● **DATASET**:
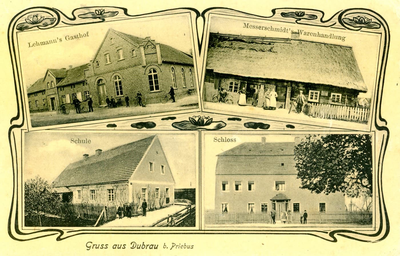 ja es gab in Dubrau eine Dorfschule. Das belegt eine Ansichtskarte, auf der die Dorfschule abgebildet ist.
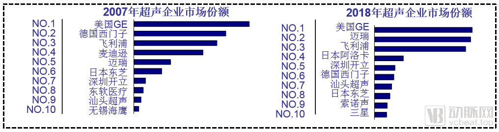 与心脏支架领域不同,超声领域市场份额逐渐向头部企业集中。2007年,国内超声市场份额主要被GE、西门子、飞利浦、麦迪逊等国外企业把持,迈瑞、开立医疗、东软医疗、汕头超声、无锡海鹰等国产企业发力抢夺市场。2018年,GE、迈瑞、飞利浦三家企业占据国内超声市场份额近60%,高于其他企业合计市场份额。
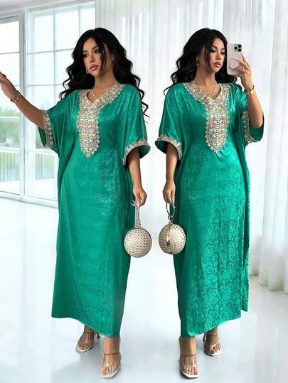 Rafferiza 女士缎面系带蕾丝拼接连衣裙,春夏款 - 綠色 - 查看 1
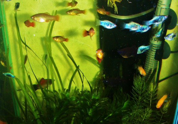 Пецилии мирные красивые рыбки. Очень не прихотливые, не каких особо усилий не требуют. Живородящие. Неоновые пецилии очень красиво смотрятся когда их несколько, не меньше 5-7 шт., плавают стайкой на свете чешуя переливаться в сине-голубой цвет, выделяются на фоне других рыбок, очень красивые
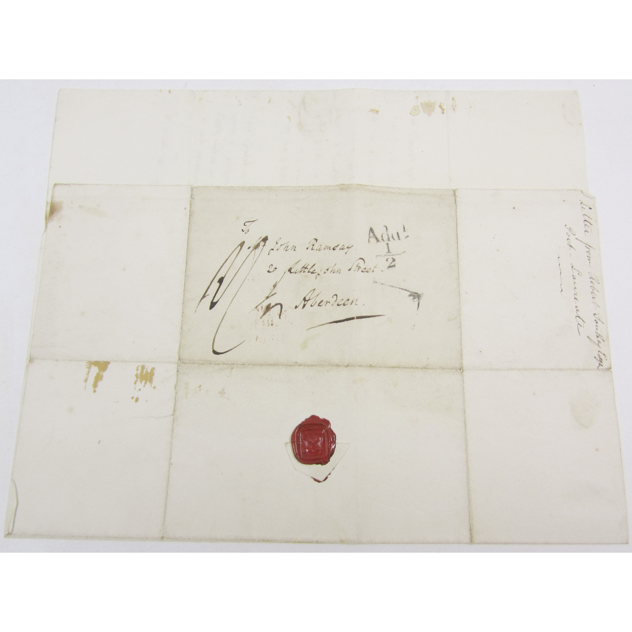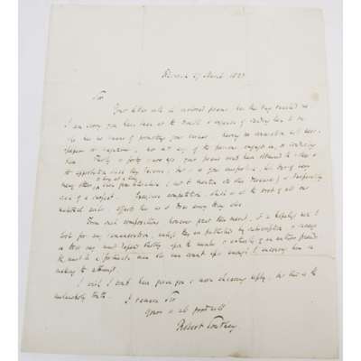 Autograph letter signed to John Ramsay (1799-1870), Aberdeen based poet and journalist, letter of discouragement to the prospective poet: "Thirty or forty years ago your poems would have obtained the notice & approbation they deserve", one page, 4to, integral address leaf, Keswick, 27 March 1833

● **PROBLEM DESCRIPTION**: Within the listing above, print exactly the stretch beginning at the line that contains "Rafferiza 女士缎面系带蕾丝拼接连衣裙,春夏款 - 綠色 - 查看 1" and finishing at the line that contains "Пецилии мирные красивые", ends kept, pictures left out, and nothing more.

● **REPLY**:
 Rafferiza 女士缎面系带蕾丝拼接连衣裙,春夏款 - 綠色 - 查看 1
 Пецилии мирные красивые рыбки. Очень не прихотливые, не каких особо усилий не требуют. Живородящие. Неоновые пецилии очень красиво смотрятся когда их несколько, не меньше 5-7 шт., плавают стайкой на свете чешуя переливаться в сине-голубой цвет, выделяются на фоне других рыбок, очень красивые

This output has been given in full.